The New York bank, flush with $7.5 billion in fiscal 2006 profit -- the biggest in its history -- was going to be farming 11 parcels on the steppes of Ukraine. The commodities team wanted Bruch, a redhead with meaty hands who’d been farming all his life, to manage one of them.

...Morgan Stanley gave up on farming in Ukraine in July 2009, abandoning the initiative in the middle of a harvest. It bought out its local partner, Aleksandr Mamontenko, then sold Enselco to an investment firm based in Jersey in the Channel Islands, at what people familiar with the situation say was a loss. All told, Morgan Stanley put about $30 million into Enselco through loans, according to Igor Bobrov, who was hired in 2008 to be Enselco’s chief financial officer and later became its CEO. Hugh Fraser, a London-based Morgan Stanley spokesman, says bank officials declined to comment for this story.

Morgan Stanley’s failed gamble in Ukraine shows how Wall Street firms, in the last gasp of a debt-fueled bull market, strayed further from their traditional business of advising companies and underwriting stock sales to embrace diverse projects with unfamiliar risks.

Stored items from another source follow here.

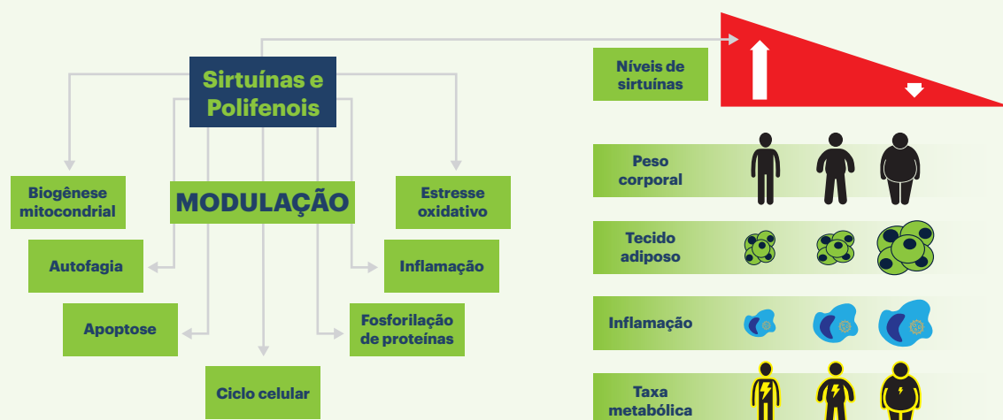
Figura 1. Benefícios das sirtuínas no organismo humano (MARIANI et al., 2018; AJAMI et al., 2017).

Estudos indicam que a ativação da SIRT1, por restrição calórica e por ativos naturais, como SIRTCONTROL® , correspondem a uma estratégia promissora na prevenção e tratamento de diversas doenças crônicas e síndrome metabólica.
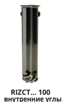
RIZCT... 100 внутренние углы
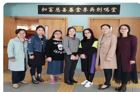
慈幼葉漢千禧小學

學校類型: 資助小學 (男女校) 創立年份: 1993年 學校地址: 葵涌安蔭邨
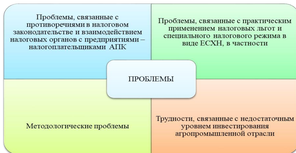
Рисунок 1 – Проблемы, связанные с налоговым администрированием сельскохозяйственных товаропроизводителей

Несмотря на наметившиеся положительные тенденции, все же имеется множество проблем, связанных с администрированием и применением ЕСХН (рисунок 1).
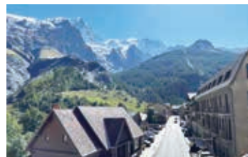
▲ラ・メイジュ(3,983m)を望む

【日程】①夕刻、東京発→欧州・中東經由都市 ②→ジュネーブ ③→ ヴィラルル・ダレーヌ ④→ エンバリ高原ハイキング ⑤→ エ克蘭国立公園ハイキング ⑥→ ラ・メイジュ展望ハイキング ⑦→ ヴァノワーズ山群展望ハイキング ⑧→ プチ・モン・プラン登頂 ⑨→ ヴァノワーズ峠ハイキング ⑩→ グラン・パラディーズ展望ハイキング ⑪→ジュネーブ→欧州・中東經由都市 ⑫→東京着
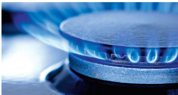
Manifestó la USO que Ecopetrol produce seis de cada diez barriles de petróleo de Colombia; el 80% del gas natural que usan 10,5 millones de usuarios

Manifestó la USO que Ecopetrol produce seis de cada diez barriles de petróleo de Colombia; el 80% del gas natural que usan 10,5 millones de usuarios ; abastece el GLP con el que cocinan 3,5 millones de hogares; y provee el gas natural que usa el 65% de las pequeñas y medianas empresas.
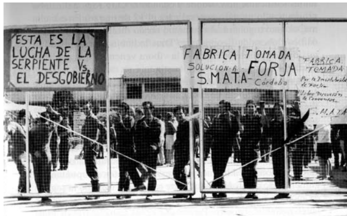
Fábrica tomada en el Vïvorazo

ERP, su familia aceptó que el féretro fuera envuelto en una bandera de esa agrupación, como símbolo de odio a la dictadura. Las cámaras periodísticas registraron ese fenómeno inusual de la presencia de organizaciones armadas en un sepelio multitudinario. El Vïborazo no sólo provocó la renuncia del gobernador de Córdoba, sino también la destitución del general Levingston por la Junta de Comandantes, en marzo de 1971.
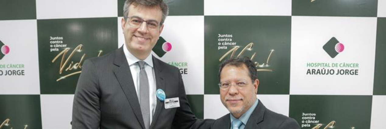
Procurador-geral de Justiça Cyro Terra Peres
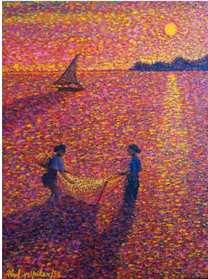
Apanhadoras de Mariscos na praia de Santana-Dili, 40x30 cm, óleo s tela 2023
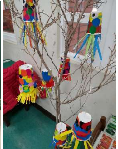
再生-校園枯死的植物玩創意設計
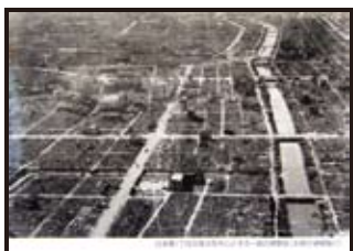
日本橋1丁目交差点を中心とする一面の焼野原 (右側が道頓堀川)
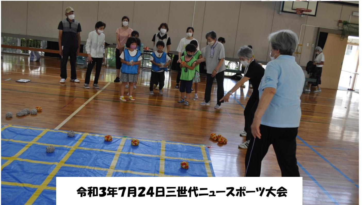
令和3年7月24日三世代ニュースポーツ大会
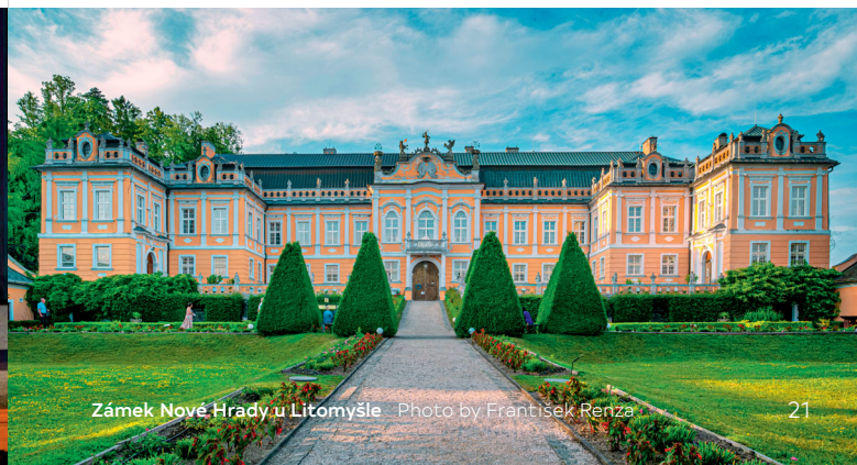
Zámek Nové Hradky u Litomyšle

The story is a great example of how Wall Street, enabled by its own creative debt instruments, pursued ever more speculative returns towards the end of the financial bubble. While conservatives continue to blame the Community Reinvestment Act, Fannie Mae and Freddie Mac for these types of shenanigans, Morgan Stanley's foray into Ukrainian farming shows that none of these were necessary. An under-regulated and over-leveraged Wall Street was quite capable of causing a financial disaster on its own, thank you.